**Required work**
How do the lines below between the ones holding "重庆罗汉寺古建筑与现代建筑对比" and "A Red Tree In", inclusive, read? Give them again exactly, with no other lines.

**Source material**
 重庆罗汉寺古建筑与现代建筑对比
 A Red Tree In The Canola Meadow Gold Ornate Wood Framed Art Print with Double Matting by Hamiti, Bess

--

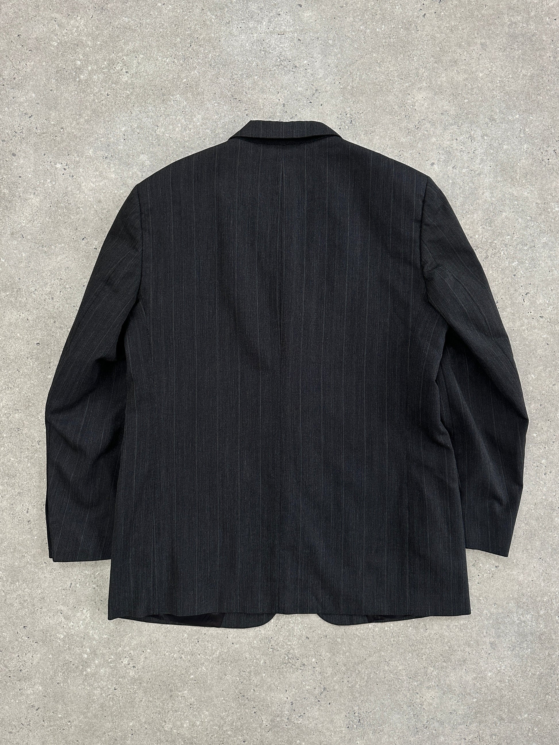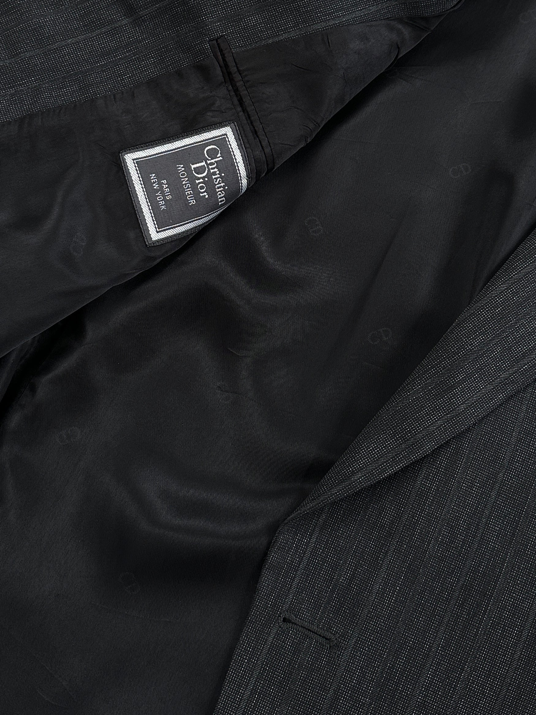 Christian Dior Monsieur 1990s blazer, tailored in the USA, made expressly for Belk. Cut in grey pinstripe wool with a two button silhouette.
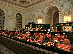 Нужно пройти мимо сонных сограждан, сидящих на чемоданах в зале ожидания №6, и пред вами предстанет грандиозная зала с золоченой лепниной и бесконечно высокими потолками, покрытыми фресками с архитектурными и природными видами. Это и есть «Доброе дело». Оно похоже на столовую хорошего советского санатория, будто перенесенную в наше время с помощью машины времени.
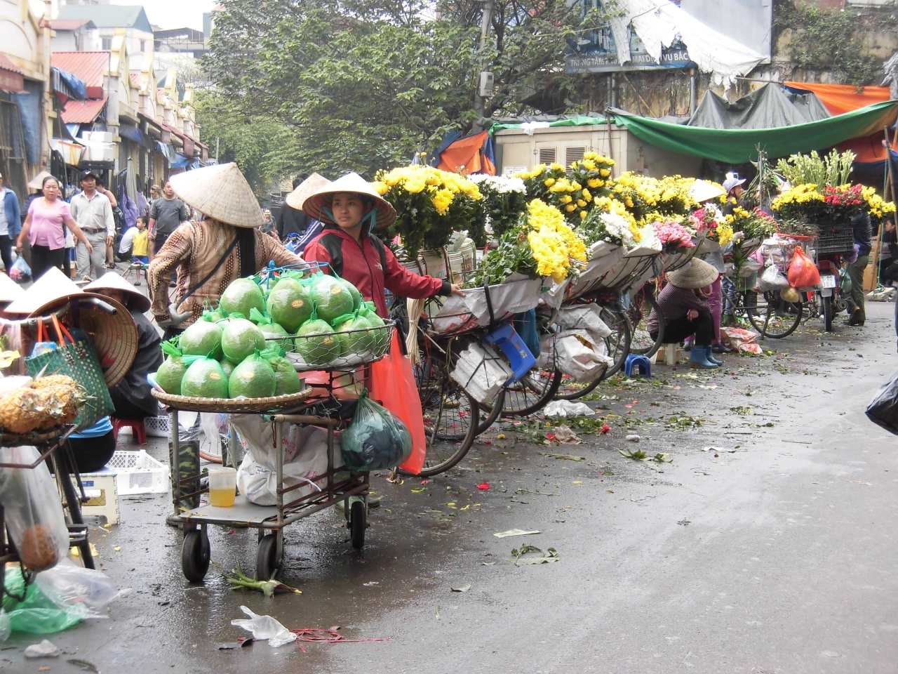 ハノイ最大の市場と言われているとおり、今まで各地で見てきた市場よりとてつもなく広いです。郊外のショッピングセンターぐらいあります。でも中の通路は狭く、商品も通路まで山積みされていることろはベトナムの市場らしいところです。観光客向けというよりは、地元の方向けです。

--

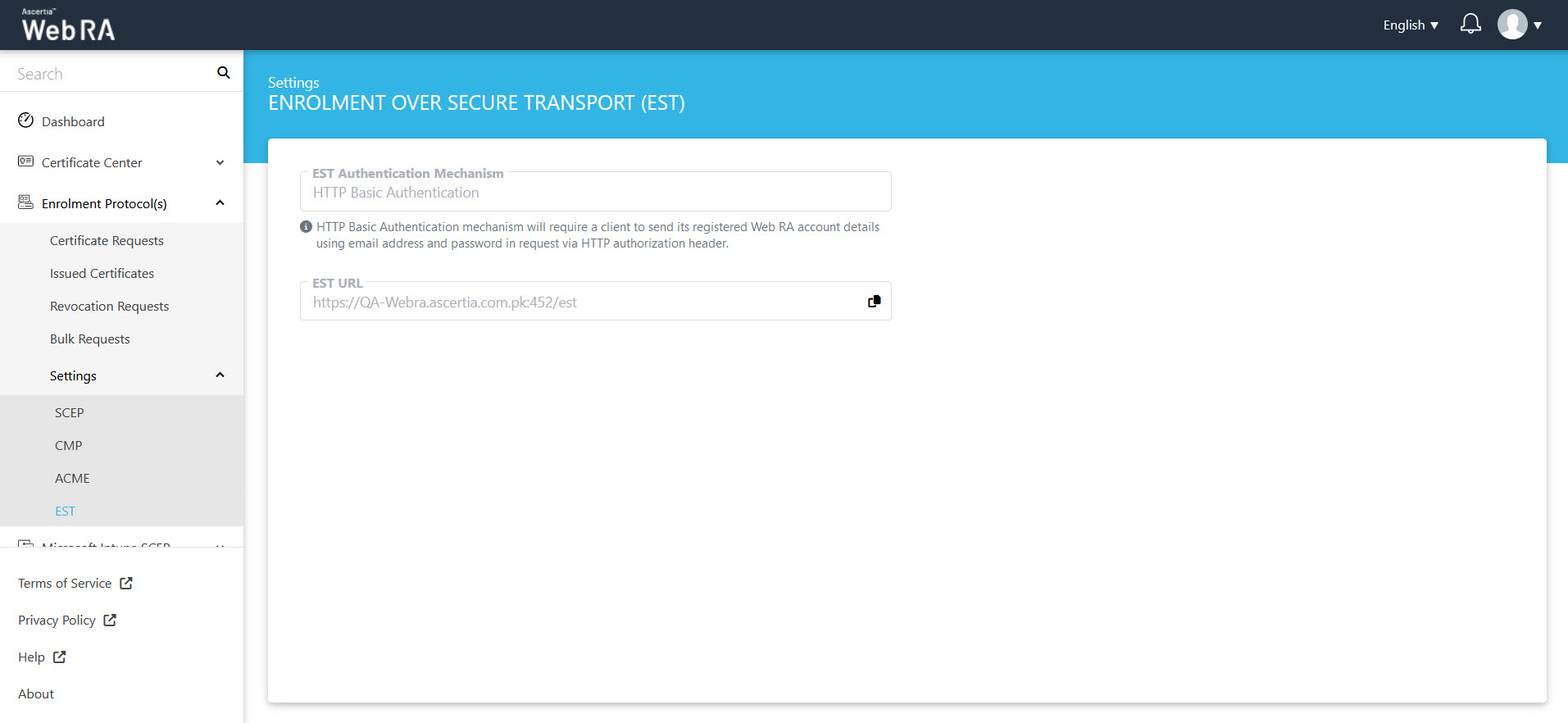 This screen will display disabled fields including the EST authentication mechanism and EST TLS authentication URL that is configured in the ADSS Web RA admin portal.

**Expected output**
 重庆罗汉寺古建筑与现代建筑对比
 A Red Tree In The Canola Meadow Gold Ornate Wood Framed Art Print with Double Matting by Hamiti, Bess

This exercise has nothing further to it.